• [WORK REQUIRED]:
Skip the pictures and copy all the data that follows exactly.

Records from a data collection
++++++++
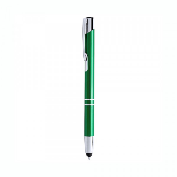 Druck-Kugelschreiber mit Stylus aus glänzendem Aluminium in lebhaften Farben. Jumbo-Patrone mit blauer Tinte.
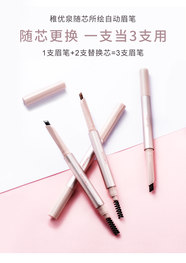 稚优泉随芯所绘自动眉笔,自然晕染,柔和显色,打造自然质感,六色可选,随心搭配,细芯够细,眉尾才细致,女神必备!速抢~
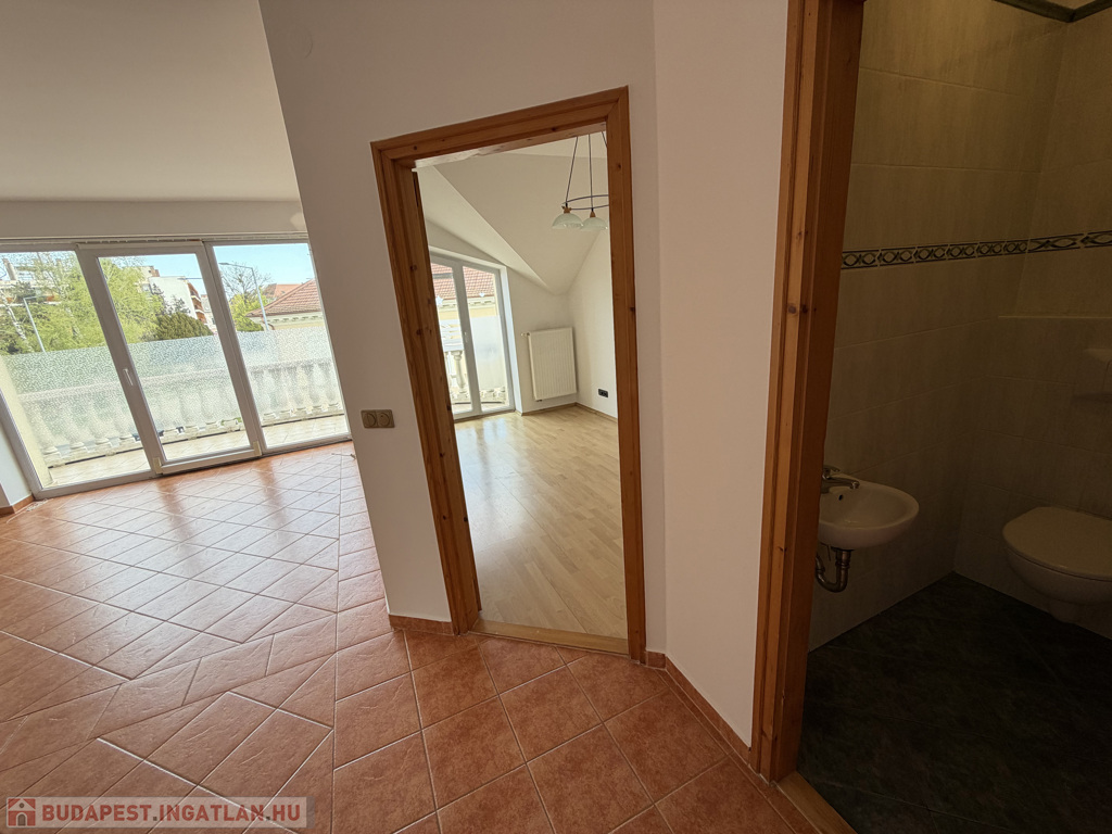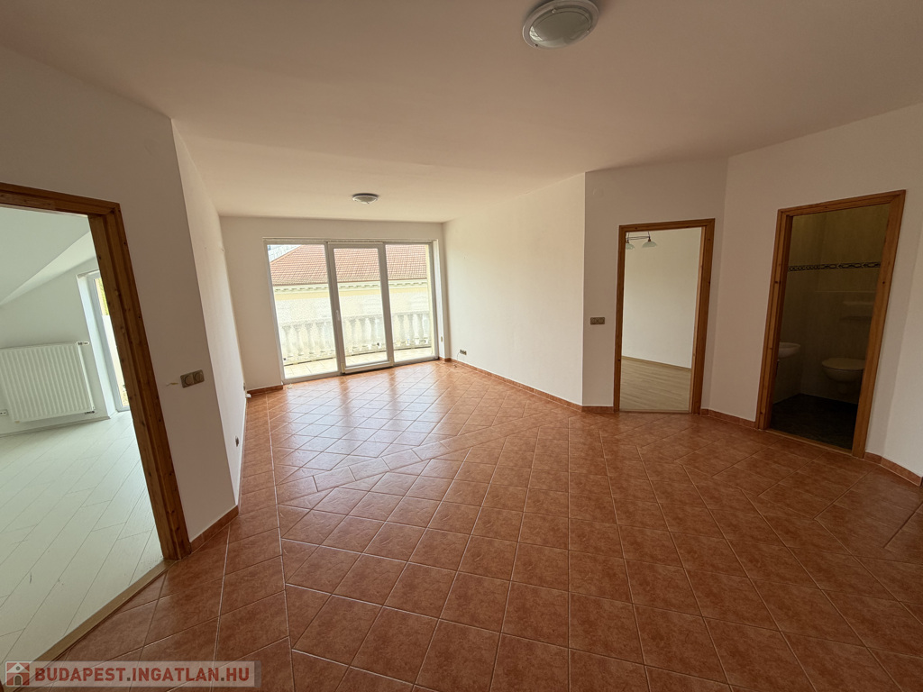 Az ingatlan egyik legnagyobb értéke a tágas, világos élettér és a nappaliból nyíló hangulatos erkély, ahonnan a város egyik legszebb részére nyílik kilátás – itt a reggeli kávé tényleg élmény.
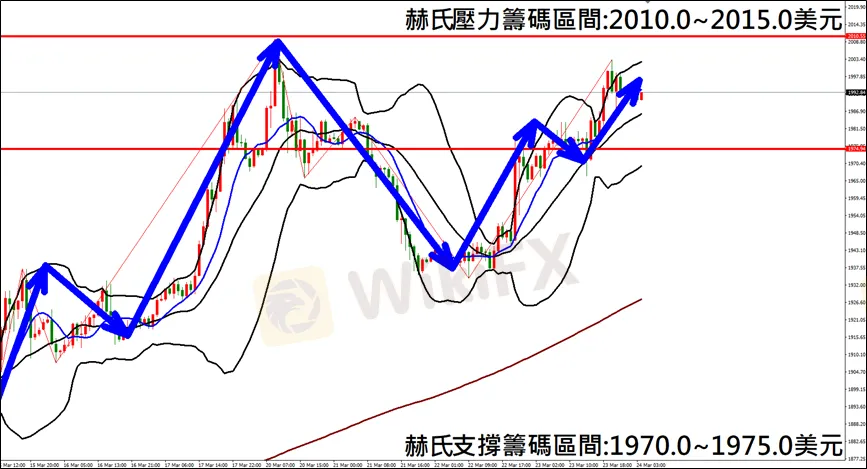 今日(3月24日)黃金早盤在1991.8美元/盎司附近,從技術分析面切入,1小時級別觀察黃金走勢,符合昨日(23日)預測K棒盤中出現反彈行情,多單獲利入袋,目前K棒保持多方排列,因此建議外匯市場投資人,今日黃金操作心態以偏多看法為主。
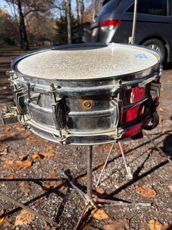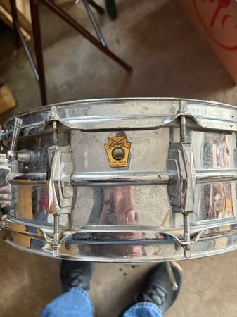 I believe the snare is a “VINTAGE 1962-63 SUPER LUDWIG 400 COB (CHROME OVER BRASS) 5x14" SNARE DRUM, pre-LM400, pre-SUPRAPHONIC.
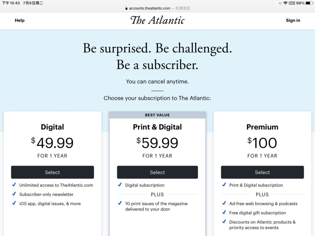 在具体的订阅模式上,《大西洋月刊》主要提供三种套餐,分别是49.99美元/年的数字版、59.99美元/年的数字版和印刷版以及100美元/年的额外付费版。
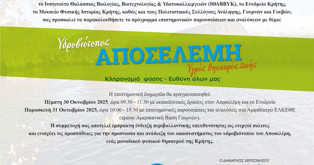 «Υδροβιότοπος Αποσελέμη – Υγρός θησαυρός ζωής. Κληρονομιά φύσης – Ευθύνη όλων μας» είναι ο τίτλος επιστημονικής διημερίδας που διοργανώνουν ο Δήμος Χερσονήσου, σε συνεργασία με την Περιφέρεια Κρήτης, το Ελληνικό Κέντρο Θαλάσσιων Ερευνών – ΕΛΚΕΘΕ, το Ινστιτούτο Θαλάσσιας Βιολογίας, Βιοτεχνολογίας και Υδατοκαλλιεργειών (ΙΘΑΒΒΥΚ), το Ενυδρείο Κρήτης, το Μουσείο Φυσικής Ιστορίας Κρήτης, καθώς και τους Πολιτιστικούς Συλλόγους Ανάληψης, Γουρνών και Γουβών.
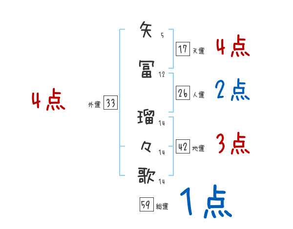 地運![]() | 矢冨瑠々歌さんの地運は42画の3つ星!病気に注意。多芸であるが消極的でおとなしい。 個性を表す基礎的な運勢です。性格形成や対人関係、行動力など家庭環境に影響されます。主に誕生してから20歳くらいまでの若年期の運勢を表します。 |
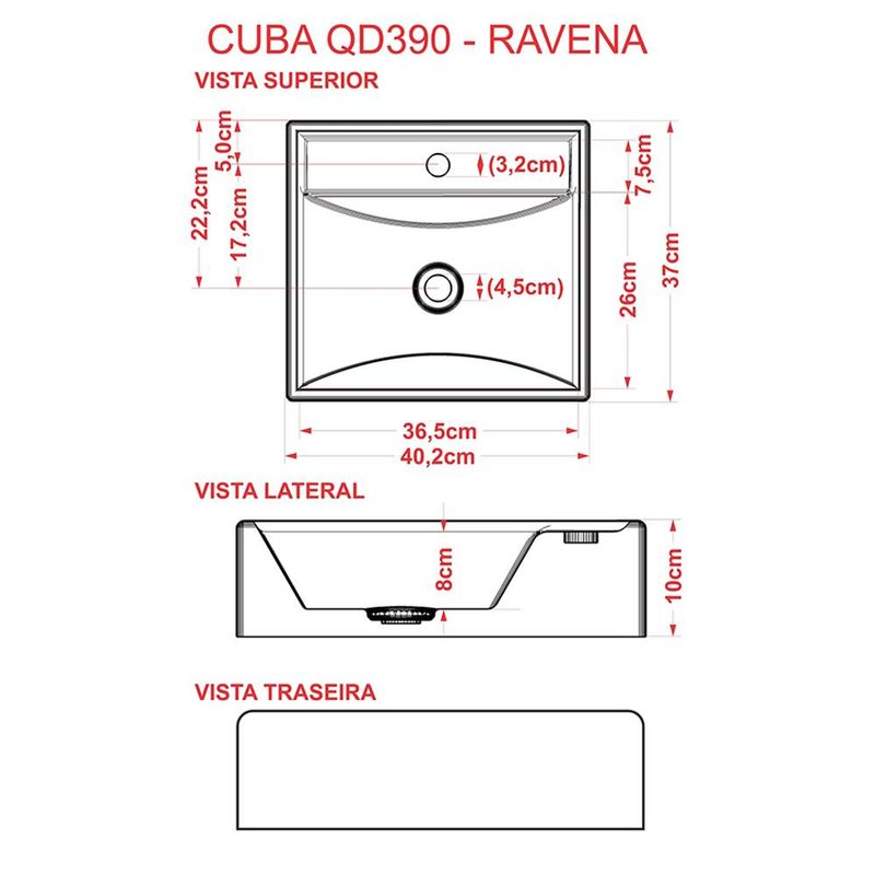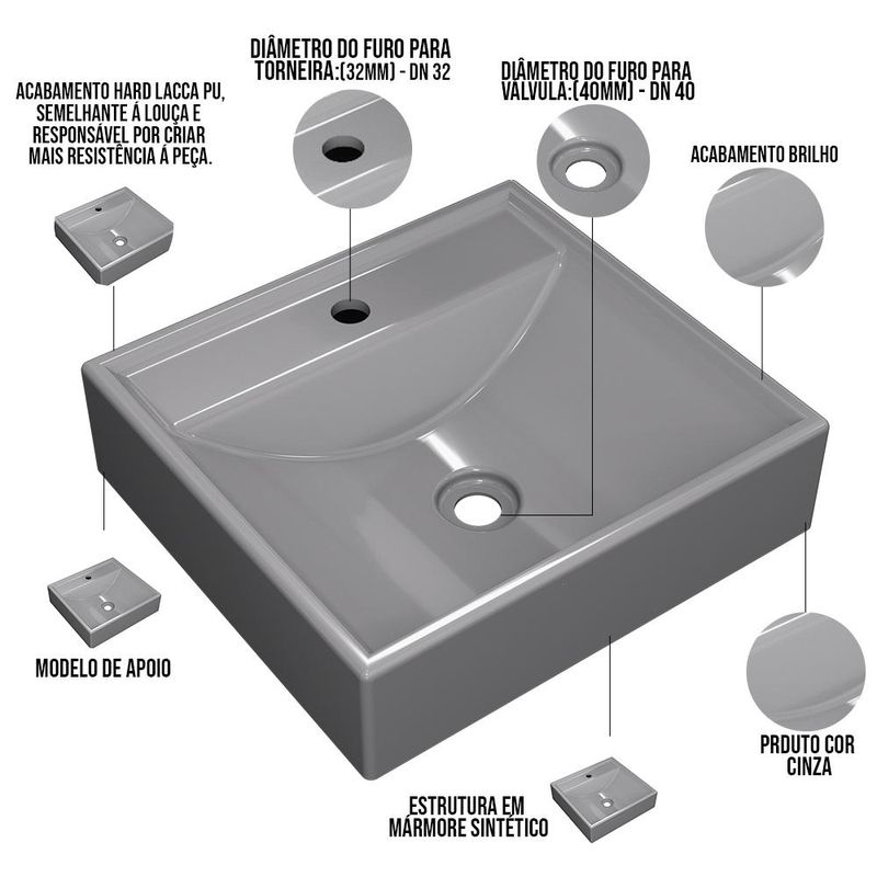 Seu banheiro de cara nova! Hoje, incrivelmente um dos locais da casa onde mais pedem decoração é o banheiro ou lavabo. Aqui apresentamos a você uma cuba elegante e de um escoamento de água excelente para proporcionar mais comodidade e versatilidade para os usuários do lavatório. Além de enriquecer o visual do seu banheiro, determina a funcionalidade do mesmo. Vale ressaltar que as torneiras mais indicadas para este tipo de cuba são as de parede ou de bica alta, e exige também uma bancada com espaço superior suficiente para abrigar a mesma, junto com os outros adornos de banheiro que você desejar. Ideal para fazer parte do seu sonho! Dimensões da Cuba (L x A x P) 40 x 10 x 37,5 cm Características: Estrutura em Mármore Sintético com acabamento Hard Lacca PU, semelhante a louça e responsável por criar mais resistência a peça. Acabamento Brilho. Furação da Cuba: Válvula Universal 7/8 (32mm) 11/4 (40mm). Formato: Quadrada. Modelo: Apoio. Importante: O produto é enviado montado, requerendo apenas instalação por parte do cliente. Recomendação de Limpeza: Recomenda-se lavagem do produto com bucha apenas do lado amarelo e detergente neutro. Observações importantes: - Produto para uso residencial em ambiente interno, não devendo ficar exposto diretamente ao sol, calor e umidade excessivos. - Pode haver alguma diferença de tonalidade entre a imagem e o produto real, por conta do tratamento de imagens e a calibração de cores do seu monitor. - As imagens são meramente ilustrativas, não acompanham objetos de decoração e eletrônicos. - Ao receber a mercadoria, o cliente deve verificar as condições da embalagem, caso haja alguma avaria não assine o comprovante de recebimento. - Montagem, desmontagem e outras instalações serão de responsabilidade do cliente. Não nos responsabilizamos, no ato da entrega, por subir escadas/elevadores ou pelo transporte por guincho em apartamentos. Eventuais despesas são de responsabilidade do comprador. - Confira as dimensões do produto e certifique-se de que passará normalmente por supostos elevadores, portas, escadas e/ou corredores de sua residência.
++++++++
• [RESULT]:
 Druck-Kugelschreiber mit Stylus aus glänzendem Aluminium in lebhaften Farben. Jumbo-Patrone mit blauer Tinte.
 稚优泉随芯所绘自动眉笔,自然晕染,柔和显色,打造自然质感,六色可选,随心搭配,细芯够细,眉尾才细致,女神必备!速抢~
 Az ingatlan egyik legnagyobb értéke a tágas, világos élettér és a nappaliból nyíló hangulatos erkély, ahonnan a város egyik legszebb részére nyílik kilátás – itt a reggeli kávé tényleg élmény.
 今日(3月24日)黃金早盤在1991.8美元/盎司附近,從技術分析面切入,1小時級別觀察黃金走勢,符合昨日(23日)預測K棒盤中出現反彈行情,多單獲利入袋,目前K棒保持多方排列,因此建議外匯市場投資人,今日黃金操作心態以偏多看法為主。
 I believe the snare is a “VINTAGE 1962-63 SUPER LUDWIG 400 COB (CHROME OVER BRASS) 5x14" SNARE DRUM, pre-LM400, pre-SUPRAPHONIC.
 在具体的订阅模式上,《大西洋月刊》主要提供三种套餐,分别是49.99美元/年的数字版、59.99美元/年的数字版和印刷版以及100美元/年的额外付费版。
 «Υδροβιότοπος Αποσελέμη – Υγρός θησαυρός ζωής. Κληρονομιά φύσης – Ευθύνη όλων μας» είναι ο τίτλος επιστημονικής διημερίδας που διοργανώνουν ο Δήμος Χερσονήσου, σε συνεργασία με την Περιφέρεια Κρήτης, το Ελληνικό Κέντρο Θαλάσσιων Ερευνών – ΕΛΚΕΘΕ, το Ινστιτούτο Θαλάσσιας Βιολογίας, Βιοτεχνολογίας και Υδατοκαλλιεργειών (ΙΘΑΒΒΥΚ), το Ενυδρείο Κρήτης, το Μουσείο Φυσικής Ιστορίας Κρήτης, καθώς και τους Πολιτιστικούς Συλλόγους Ανάληψης, Γουρνών και Γουβών.
 地運![]() | 矢冨瑠々歌さんの地運は42画の3つ星!病気に注意。多芸であるが消極的でおとなしい。 個性を表す基礎的な運勢です。性格形成や対人関係、行動力など家庭環境に影響されます。主に誕生してから20歳くらいまでの若年期の運勢を表します。 |
 Seu banheiro de cara nova! Hoje, incrivelmente um dos locais da casa onde mais pedem decoração é o banheiro ou lavabo. Aqui apresentamos a você uma cuba elegante e de um escoamento de água excelente para proporcionar mais comodidade e versatilidade para os usuários do lavatório. Além de enriquecer o visual do seu banheiro, determina a funcionalidade do mesmo. Vale ressaltar que as torneiras mais indicadas para este tipo de cuba são as de parede ou de bica alta, e exige também uma bancada com espaço superior suficiente para abrigar a mesma, junto com os outros adornos de banheiro que você desejar. Ideal para fazer parte do seu sonho! Dimensões da Cuba (L x A x P) 40 x 10 x 37,5 cm Características: Estrutura em Mármore Sintético com acabamento Hard Lacca PU, semelhante a louça e responsável por criar mais resistência a peça. Acabamento Brilho. Furação da Cuba: Válvula Universal 7/8 (32mm) 11/4 (40mm). Formato: Quadrada. Modelo: Apoio. Importante: O produto é enviado montado, requerendo apenas instalação por parte do cliente. Recomendação de Limpeza: Recomenda-se lavagem do produto com bucha apenas do lado amarelo e detergente neutro. Observações importantes: - Produto para uso residencial em ambiente interno, não devendo ficar exposto diretamente ao sol, calor e umidade excessivos. - Pode haver alguma diferença de tonalidade entre a imagem e o produto real, por conta do tratamento de imagens e a calibração de cores do seu monitor. - As imagens são meramente ilustrativas, não acompanham objetos de decoração e eletrônicos. - Ao receber a mercadoria, o cliente deve verificar as condições da embalagem, caso haja alguma avaria não assine o comprovante de recebimento. - Montagem, desmontagem e outras instalações serão de responsabilidade do cliente. Não nos responsabilizamos, no ato da entrega, por subir escadas/elevadores ou pelo transporte por guincho em apartamentos. Eventuais despesas são de responsabilidade do comprador. - Confira as dimensões do produto e certifique-se de que passará normalmente por supostos elevadores, portas, escadas e/ou corredores de sua residência.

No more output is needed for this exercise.